• What you will do
Before copying, find the line below that contains "園庭でダンゴムシを探していると、、、"; then return it and all later lines exactly, up to and including the final line, with no pictures.

• Dataset section
=== Section Start ===

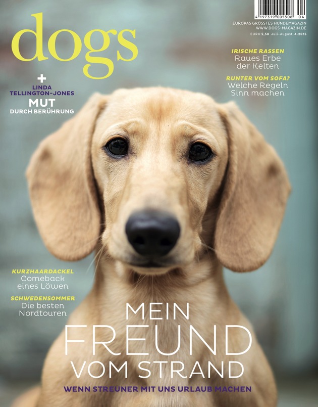 DOGS ist das Lifestyle-Magazin für Hundefreunde - einzigartig auf dem deutschen Markt. Es handelt von der Beziehung zwischen Mensch und Hund. Die exklusive Themenmischung verbindet Emotion und Wissen auf höchstem Niveau: Geschichten aus der Welt der Vierbeiner, Spaziergänge mit prominenten Hundebesitzern, Reise- und Lifestyle-Reportagen sowie viel Wissenswertes über Erziehung, Verhalten und Psychologie. Einzigartige Bildstrecken von internationalen Fotografen und außergewöhnliche Illustrationen vermitteln ein neues, oft überraschendes Image von Hunden und geben dem Magazin seinen besonderen Charakter. DOGS erscheint sechs Mal im Jahr und kostet 5,50 Euro.
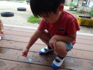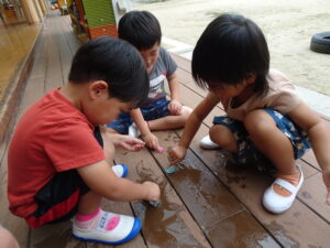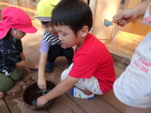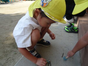 園庭でダンゴムシを探していると、、、
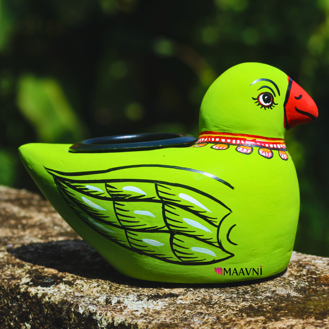 Hand-Painted Paper Mache Green Parrot T-Light Holder

=== Section End ===

• Response box
 園庭でダンゴムシを探していると、、、
 Hand-Painted Paper Mache Green Parrot T-Light Holder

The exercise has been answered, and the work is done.